Something that I will never understand is why people judge others based on appearance. I have a few things about me that can make others jump to conclusions, and it frustrates me to no end. For example, I am fat, but I am also not unhealthy. That doesn’t make sense to some people, including my (former) doctor but so it is. Another example is that I am a mother, a teacher, a homemaker, a rather conservative lady, and I have several tattoos. I’m not going to attack you with my pro-tattoo political platform. I will not go into a diatribe using phrases I see thrown around on social media and the internet, like “people with tattoos don’t go around judging people who don’t” and the like. I will not try and persuade the un-tattooed to go out and get ink. I honestly don’t care if you have one or none or fifteen. If I see one that I think is neat, I will say so, but I otherwise do not comment on them for one simple reason: my tattoos are easily one of the most personal things about me.
I’m going to share about them anyway.
I won’t go into the whole story of every piece of work, but I’d like to share a little of what is behind my Art. That’s what I generally call them by the way. I like to say my Art or Work because they were work and they are art. It is tricky to allow someone else to create an image to go onto your skin. It’s sort of like making a mix tape (sorry kids, but I will always say mix tape, not playlist), using someone else to express how you feel. My tattoos are of words and of things, and they are important to me in very different ways. Let’s start at the beginning.
When I was seventeen years old, I knew that I would be leaving for school after summer and becoming a music teacher. Of course, I was wrong, but I had no idea. Music was the driving force of my life, and I wanted to express myself in a way that would show that. I got a tattoo of a treble clef on my thigh. It was how I became known at my tiny college, and I loved that. I wasn’t trying to be a rebel, I was trying to be me, and I found something else along the way. Having a tattoo was a way to love my skin.
When I got my next, I was a stupid, angry, depressed, and drunk 21 year old. I got a very poorly drawn and colored Celtic knot on my ankle. It was terrible, is the only tattoo I regret, and has since been covered up. The cover up was my next work, and it is a sun. I was married to Husband by then, I was 25 years old, and I chose a sun because husband collects them. He collected me, too.
As much as I loved being the tattoo girl, I wasn’t addicted to getting them as some people are. Not yet, anyway. Fast forward ten years and I was a very different woman. I was a long time wife and mother, and our family had just faced what will hopefully be our hardest time as a family. This was when we almost lost Husband due to an illness (written about in this post) and then to a pretty severe car accident. Husband, who is normally a bright and shiny person, was deep in the throes of questioning his purpose. he truly believed that God was not on his side anymore, and did not know if he would make it out of the year alive. When he did, and when life began to turn around, he asked if we could get matching tattoos. He wanted to get a tree of life, a symbol that has had meaning for us for a long time, and to have Daughter’s name written though it. He and I met with our artist and designed what we were looking for together. When we were done, Husband told me that knowing he had Daughter and me was all that kept him alive that year, and I will forever love that tattoo for reminding me that his love for us was enough to feed his soul.
Getting the tree is when some people could say I became addicted. While I disagree with that word choice, I will concede that I became hooked on the idea of my Art as therapy and guidance. My next work was an ambigram of the words Breathe/Deeply, which I am reminded to do every time I see it. It is on my wrist, so I see it often. It even became something that frustrated colleagues would come to me to touch in a sort of meditative way when feeling frustrated. I became close with a few people because of it. Next came my favorite piece of Art, the one pictured above. I needed the reminder that life was good and that everything would be ok. Working with my artist (who has done most of my Art at this point) I described how I wanted 3 little birds, like in the Bob Marley song. They would be a representation of my little family, having found out at that point that there would only ever be the three of us. Being half Lithuanian, I wanted the birds to be reminiscent of Eastern European folk art, and since my artist hails from Poland, that worked out well. We are both still enamored by that one.

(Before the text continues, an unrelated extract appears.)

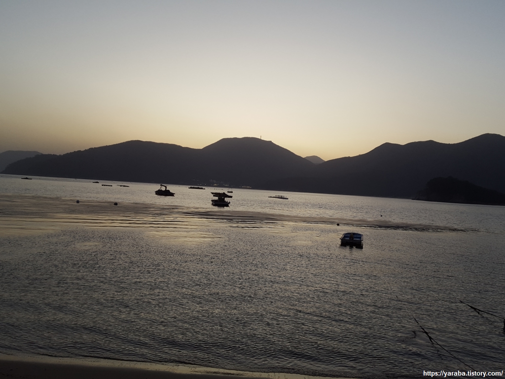 어스름한 바다 풍경에 몸은 온종일 걷기에 지쳐가지만 마음만은 감상에 젖는다.
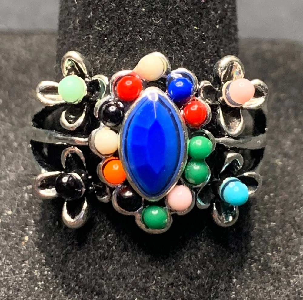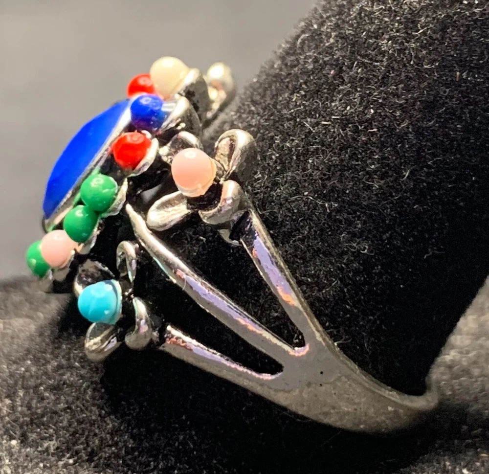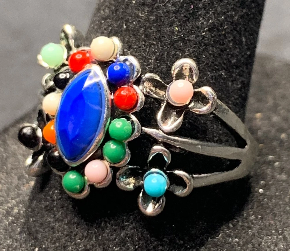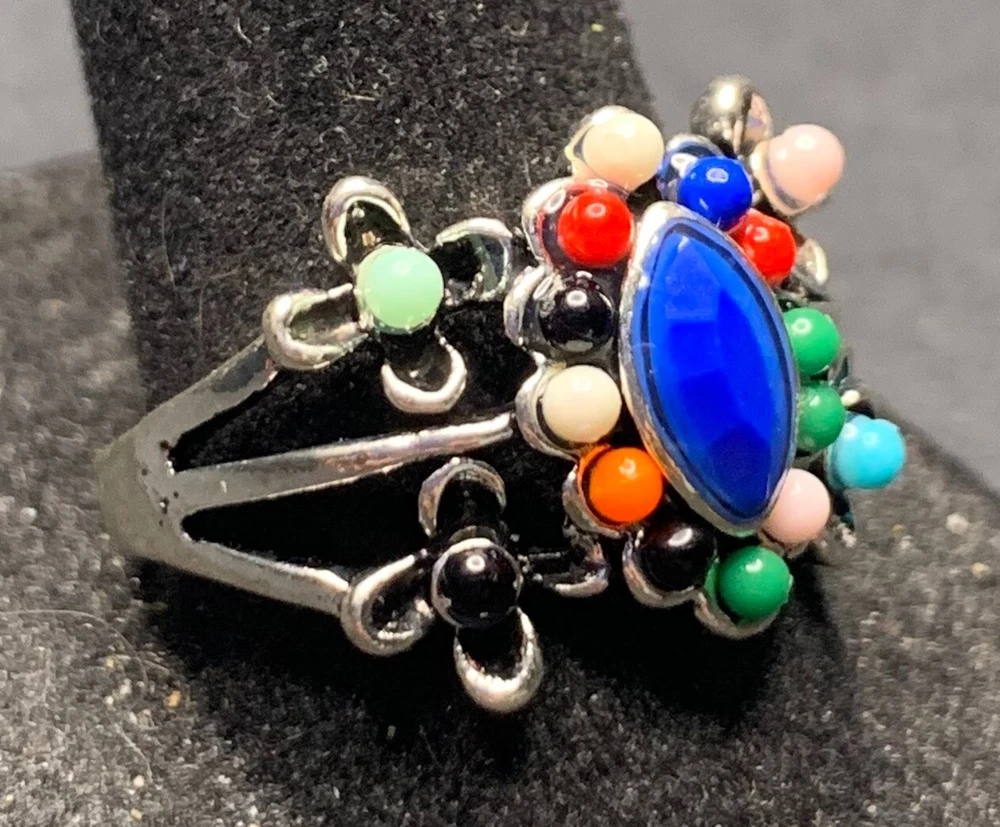 Vintage Antique Silver Tone Rhinestone Cocktail Ring - Size 9

I’ve done more since then: a lotus, reminding me that beauty can emerge from the darkest depths; a small anchor, so I won’t forget to count on those that keep me grounded in hard times; a piece of lace around my arm, to try and teach me to love the part of my body I hate the most; a cluster of forget me nots, one for each year of my life in Colorado; the word “be,” telling me that I can choose what to be each day, be strong, be brave, be vigilant. I have one more, too, but it’s meaning is just too hard to record here.
Some people cover their scars with tattoos. Some people get tattoos to remind them of those they have loved and lost. Some people just want to get a tattoo, damnit. It’s not our place to judge them for their Art any more than we would judge them for what is on their walls. My Art makes me able to walk out the door every day. It is my armor, my beauty, my heart. My Art is a representation on the outside of who I am on the inside, and I am proud to show the world who I really am.